I was doing a Hacker Rank puzzle yesterday in Python and after I optimised it, it still timed out on one input. Looked at the chat, and saw a comment "just run it with PyPy" and naturally it then passed all parts.
It's easy to forget that CPython is not that optimised generally, but as soon as you need to deal with algorithms it is lacking often.
I think even that the fact there are so many C implementations in libraries shows that the lack of optimisation for the sake of clean compiler code manifests as a readability / complexity issues elsewhere.
> It's easy to forget that CPython is not that optimised generally,
"Not that optimised" is actually an understatement. In my experience, CPU-heavy code typically becomes 10-100x faster if you port it from Python to a language like C (without even trying to be clever or using SIMD assembly).
That would indeed be fantastic. V8 has had so much optimization whereas CPython has had very little of it, though Pypy deserves a mention here. They've been doing fantastic work, but I guess there's always the curse of the reference implementation being the popular one.

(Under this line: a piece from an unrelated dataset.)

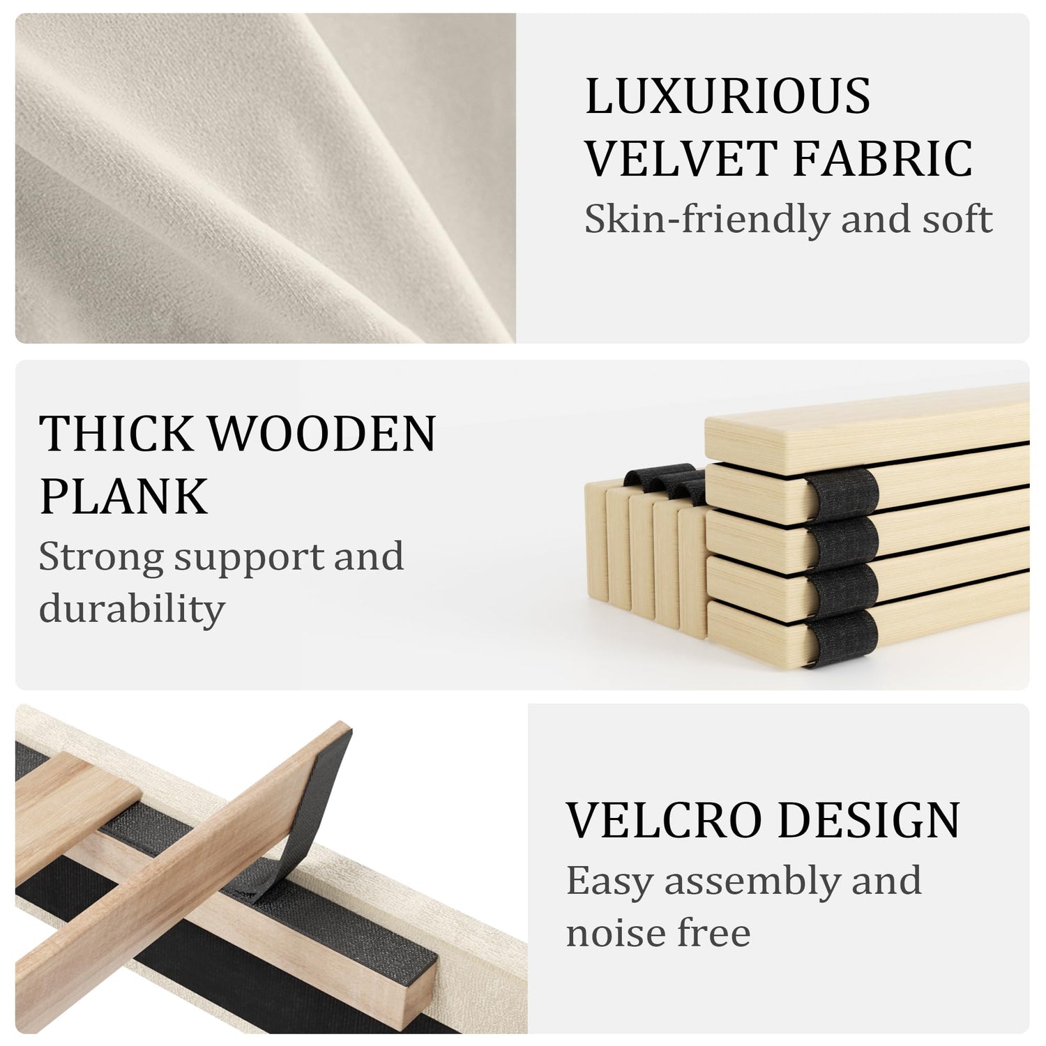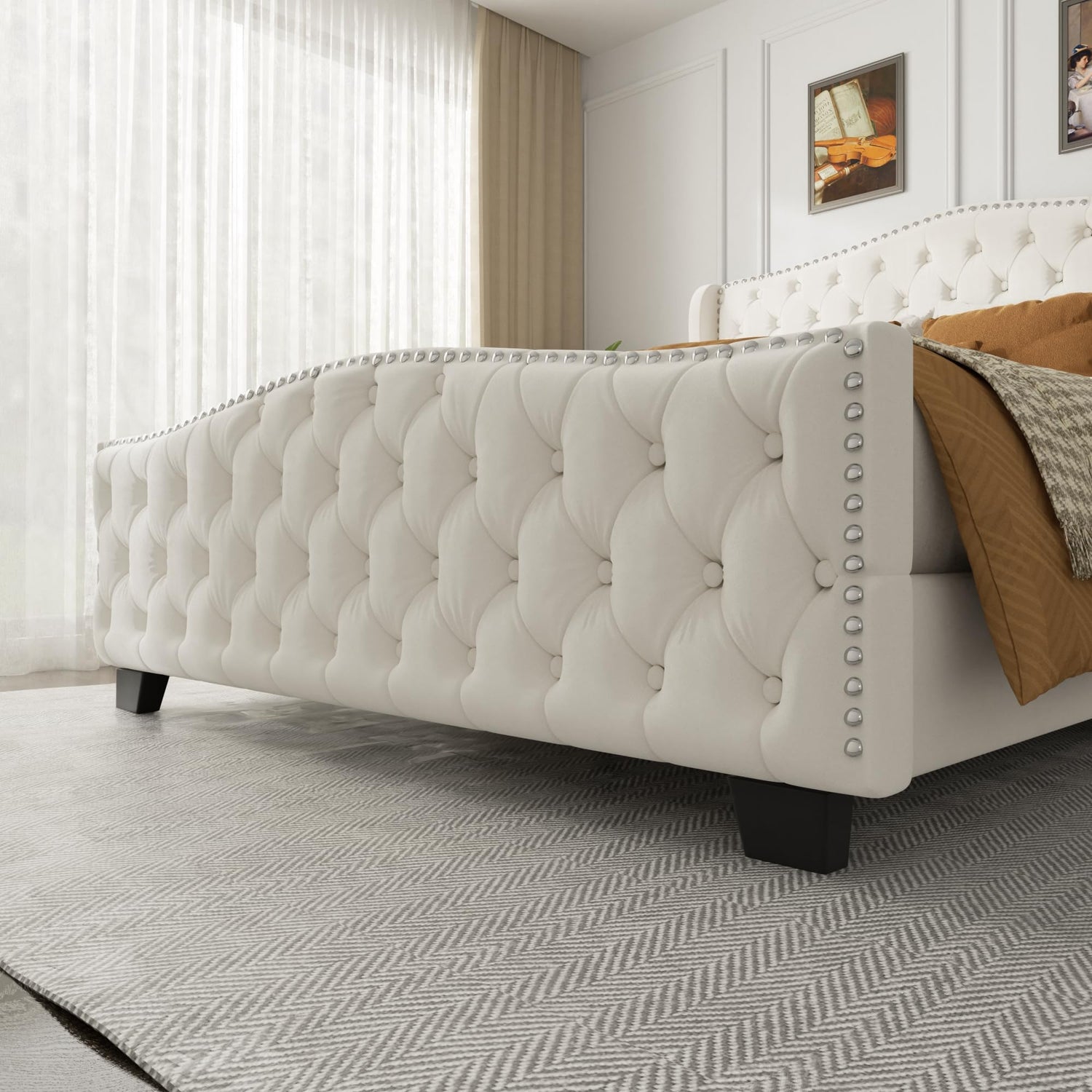 viplov King Size Platform Bed Frame with 51-inch Tall Camelback Headboard & Wingback, Deep Button Tufted Footboard with Nailhead Trim, No Box Spring Needed, Cream

I disagree, it was the Nim syntax that kept me away from the language back in the Uni when I tried it out. If anything, C syntax is barely as easy to read.
Python has emphasized readability for the reference implementation vs. the practical benefits of better performance for everyone, and the community is really hurting for it.
Please CPython, upstream this or something like it. There reaches a point where this whole zeal about readability becomes idealistic and hurts real-world pragmatic goals. It's hurting the language and we can do better.
Python can be ahead in the performance race. We just need to get real.